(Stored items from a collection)
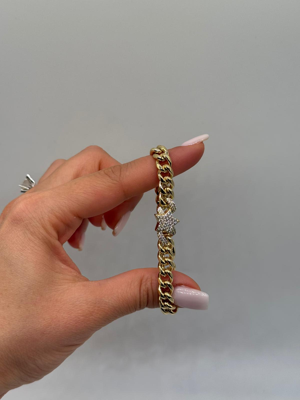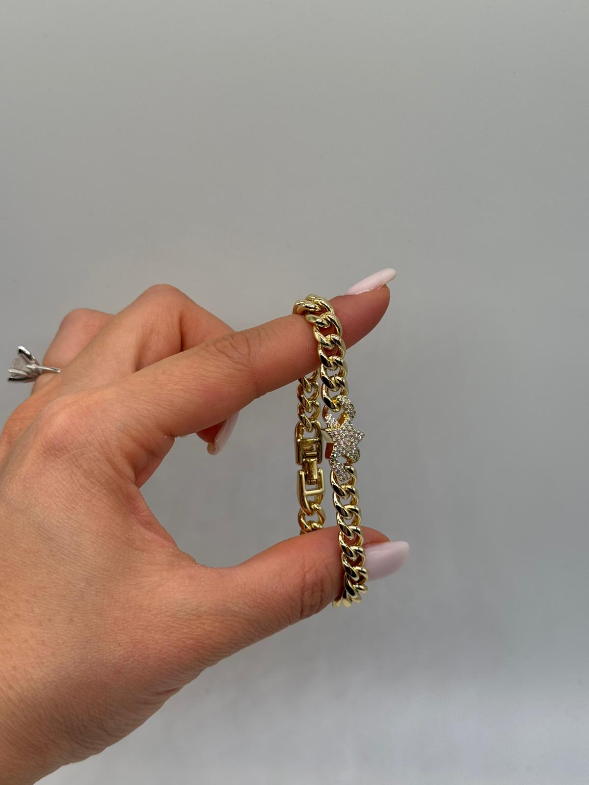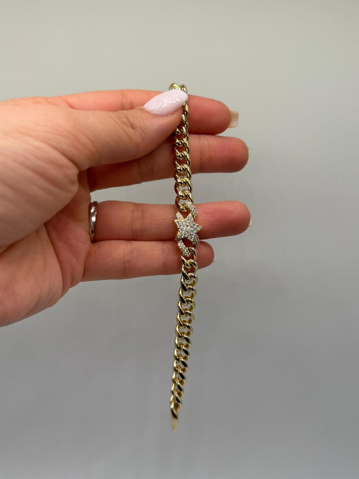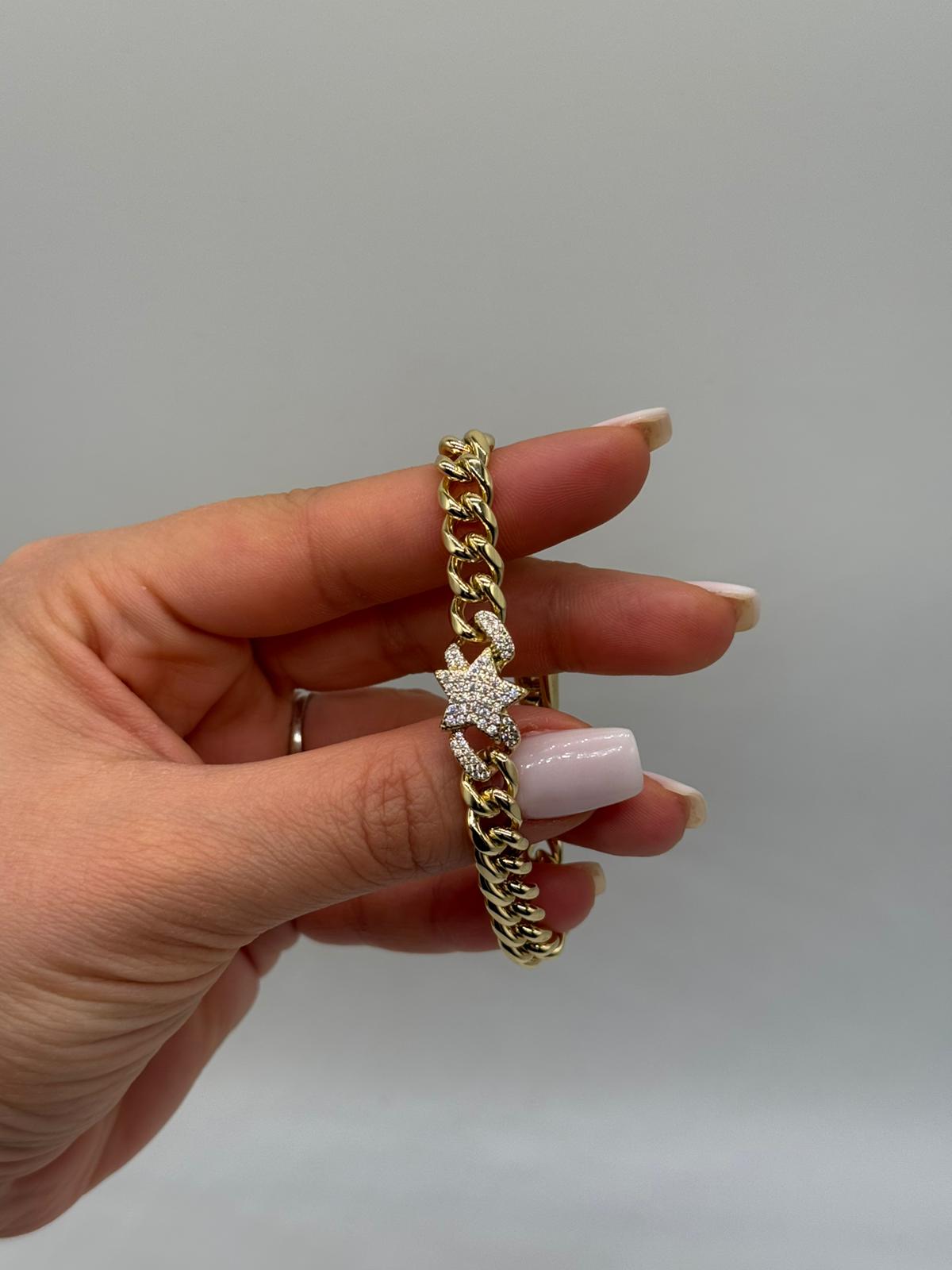 Işıltılı yıldız figürüyle tasarlanan bu bileklik, klasik zincir formuna modern ve dikkat çekici bir dokunuş kazandırır. Orta bölümde yer alan zirkon taşlı yıldız detayı, bilek üzerinde odak noktası oluşturarak şık ve iddialı bir görünüm sunar.
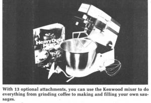 You've never seen anything like the new heavy-duty Kenwood food mixer. Besides performing as a conventional mixer, there are 13 optional attachments, including: A complete food processor, juice separator, meat grinder, sausage stuffer, wheat mill, potato peeler, coffee grinder, colander and sieve, blender, can opener, and cream maker.
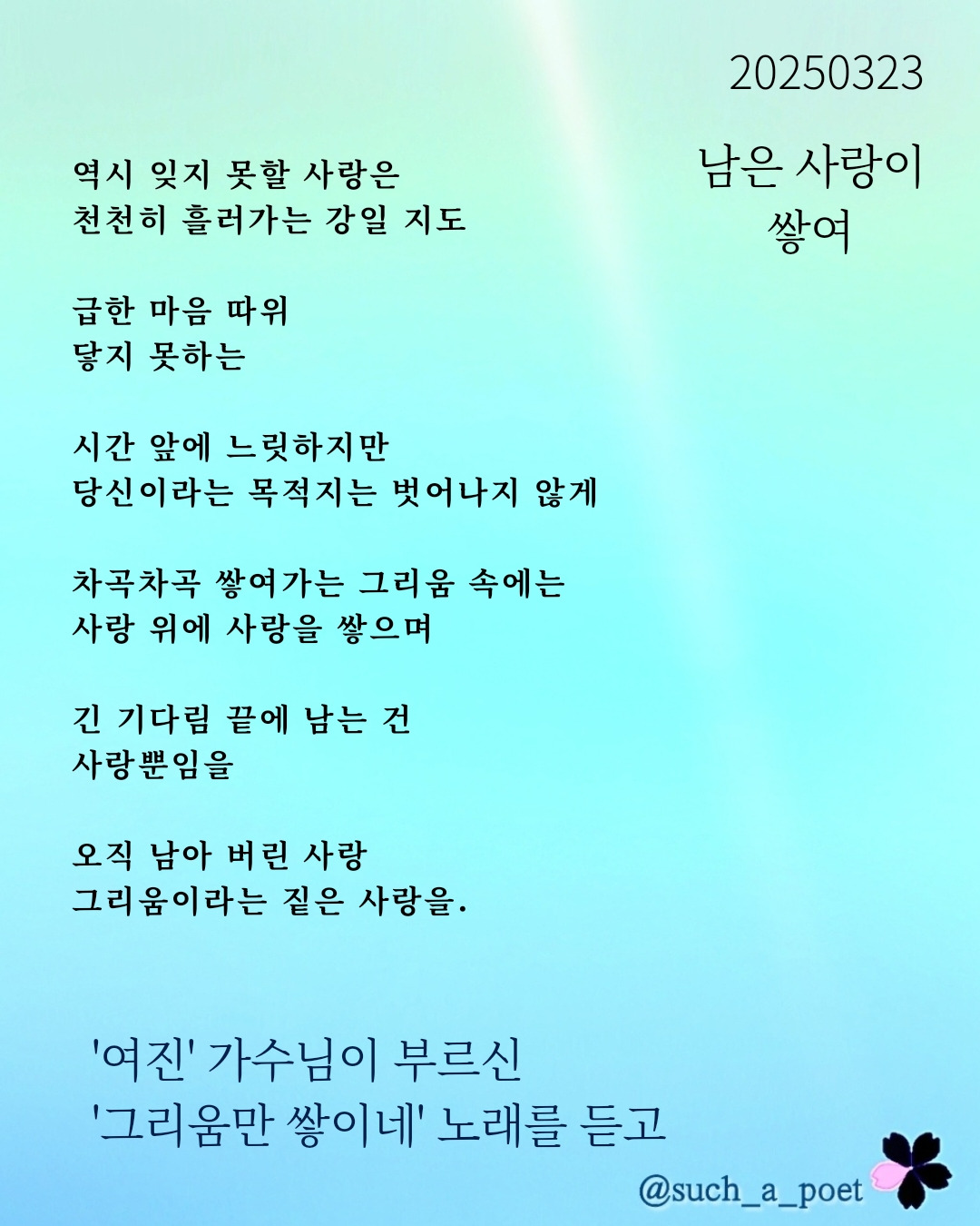 노래를 듣고 감상문을 써본 건 실로 오랜만이라 즐거웠다.
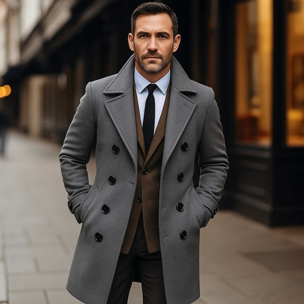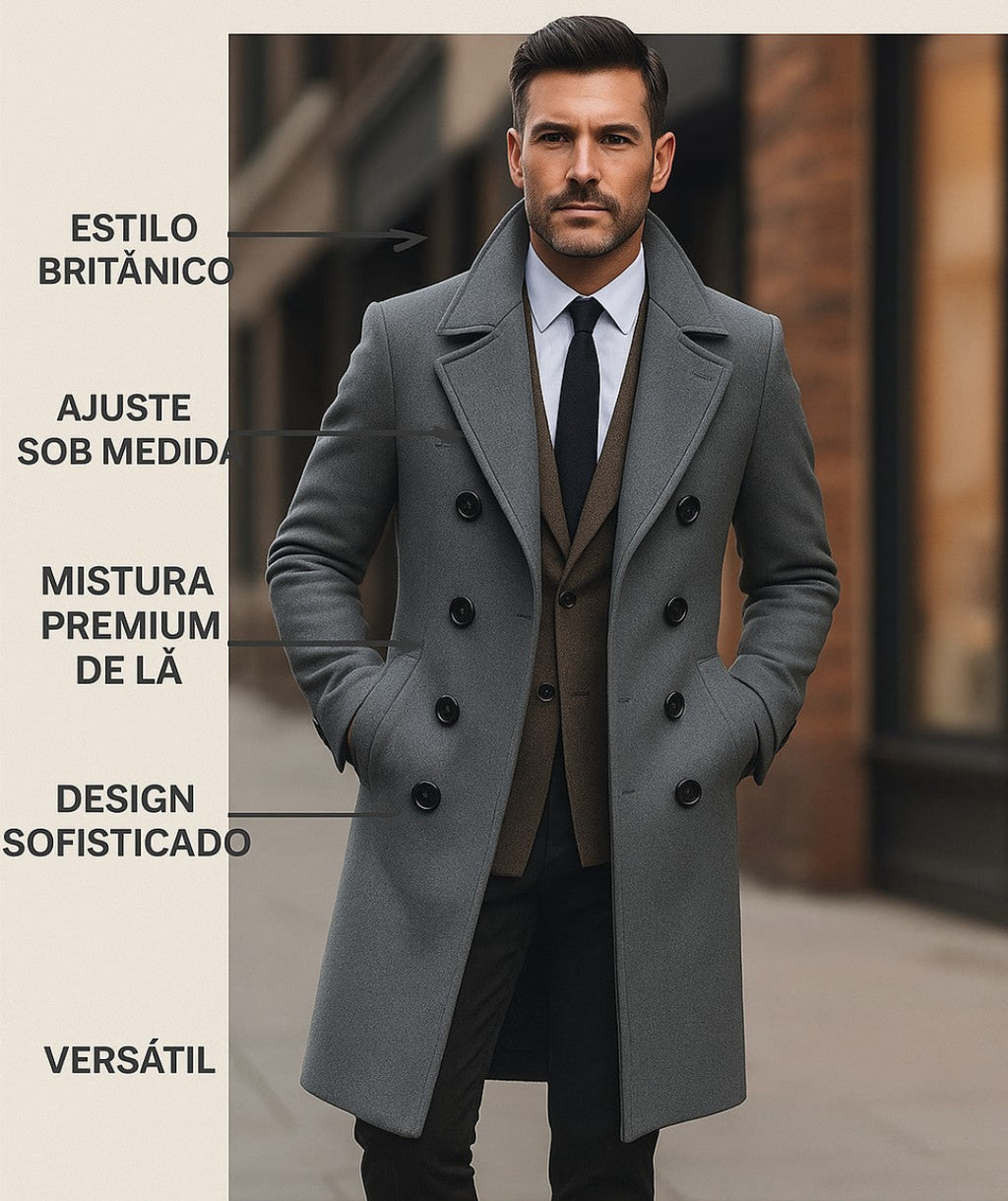 Casaco Sobretudo Masculino Cinza - Cavil é a peça essencial para o homem moderno que busca elegância, conforto e presença marcante nos dias mais frios. Inspirado no estilo britânico clássico e adaptado à elegância urbana contemporânea, ele oferece um visual impecável em qualquer ocasião.
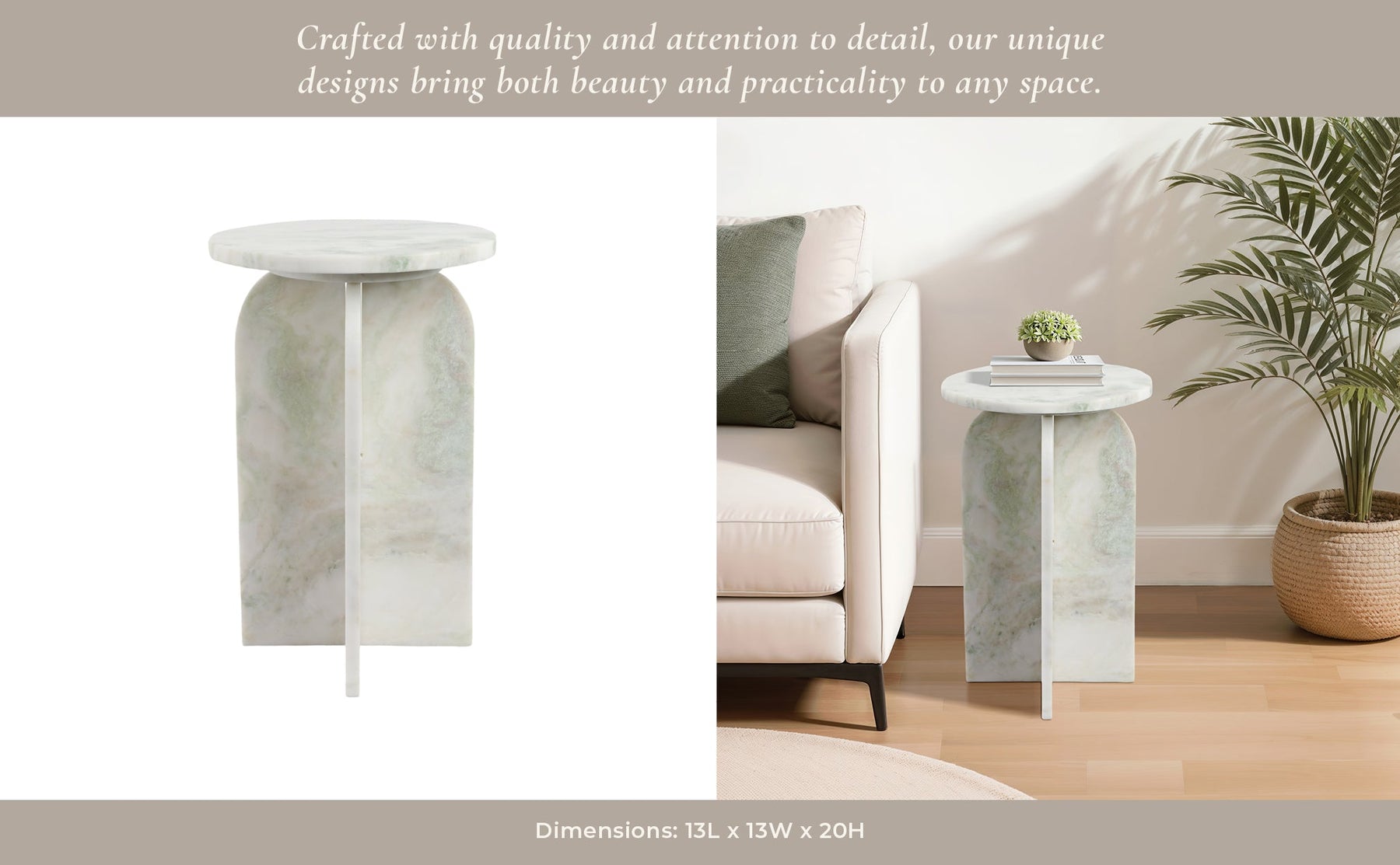 طاولة جانبية دائرية من الرخام مقاس 20x13 بوصة
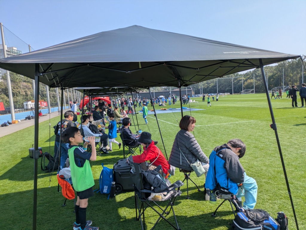 きっかけは、サッカーの試合会場で何気なく使われているアウドドア用品存在でした。子どもたちの試合会場を見渡すと、多くのアウトドア用品が使用されていることに気づきます。
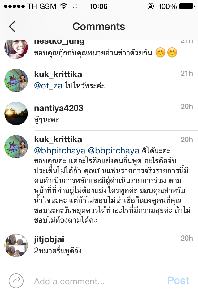 มีแฟนรายการมาคอมเม้นวิจารณ์ในigคุณกุ๊กว่าแย่งคนอ่านข้างๆอ่าน คุณกุ๊กเลยชี้แจงตามในภาพ
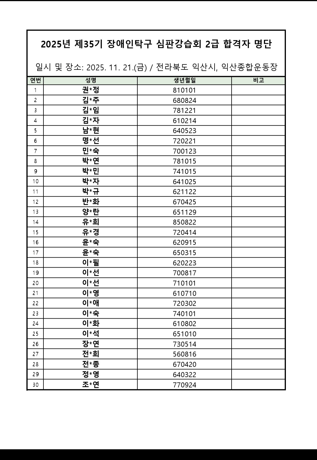 2025년 제35기 장애인탁구 심판강습회 2,3급 합격자 명단을 다음과 같이 공지합니다.
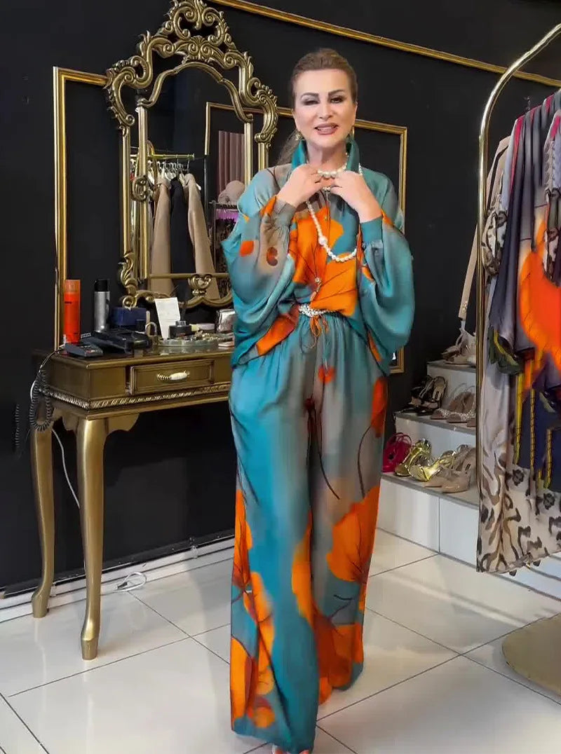 Conjunto de 2 Piezas para Mujer - Top de Satén con Estampado Posicionado y Pantalones Anchos
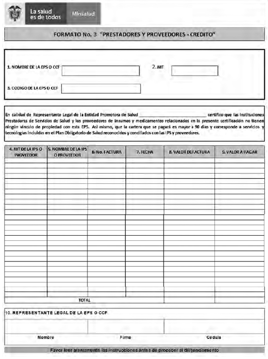 INSTRUCCIONES PARA EL DILIGENCIAMIENTO DEL FORMATO No. 3 “PRESTADORES Y/U PROVEEDORES CRÉDITO”

** What you should do **
Your copy of the entries above must be exact and must not include pictures.

** Response to the exercise **
 Işıltılı yıldız figürüyle tasarlanan bu bileklik, klasik zincir formuna modern ve dikkat çekici bir dokunuş kazandırır. Orta bölümde yer alan zirkon taşlı yıldız detayı, bilek üzerinde odak noktası oluşturarak şık ve iddialı bir görünüm sunar.
 You've never seen anything like the new heavy-duty Kenwood food mixer. Besides performing as a conventional mixer, there are 13 optional attachments, including: A complete food processor, juice separator, meat grinder, sausage stuffer, wheat mill, potato peeler, coffee grinder, colander and sieve, blender, can opener, and cream maker.
 노래를 듣고 감상문을 써본 건 실로 오랜만이라 즐거웠다.
 Casaco Sobretudo Masculino Cinza - Cavil é a peça essencial para o homem moderno que busca elegância, conforto e presença marcante nos dias mais frios. Inspirado no estilo britânico clássico e adaptado à elegância urbana contemporânea, ele oferece um visual impecável em qualquer ocasião.
 طاولة جانبية دائرية من الرخام مقاس 20x13 بوصة
 きっかけは、サッカーの試合会場で何気なく使われているアウドドア用品存在でした。子どもたちの試合会場を見渡すと、多くのアウトドア用品が使用されていることに気づきます。
 มีแฟนรายการมาคอมเม้นวิจารณ์ในigคุณกุ๊กว่าแย่งคนอ่านข้างๆอ่าน คุณกุ๊กเลยชี้แจงตามในภาพ
 2025년 제35기 장애인탁구 심판강습회 2,3급 합격자 명단을 다음과 같이 공지합니다.
 Conjunto de 2 Piezas para Mujer - Top de Satén con Estampado Posicionado y Pantalones Anchos
 INSTRUCCIONES PARA EL DILIGENCIAMIENTO DEL FORMATO No. 3 “PRESTADORES Y/U PROVEEDORES CRÉDITO”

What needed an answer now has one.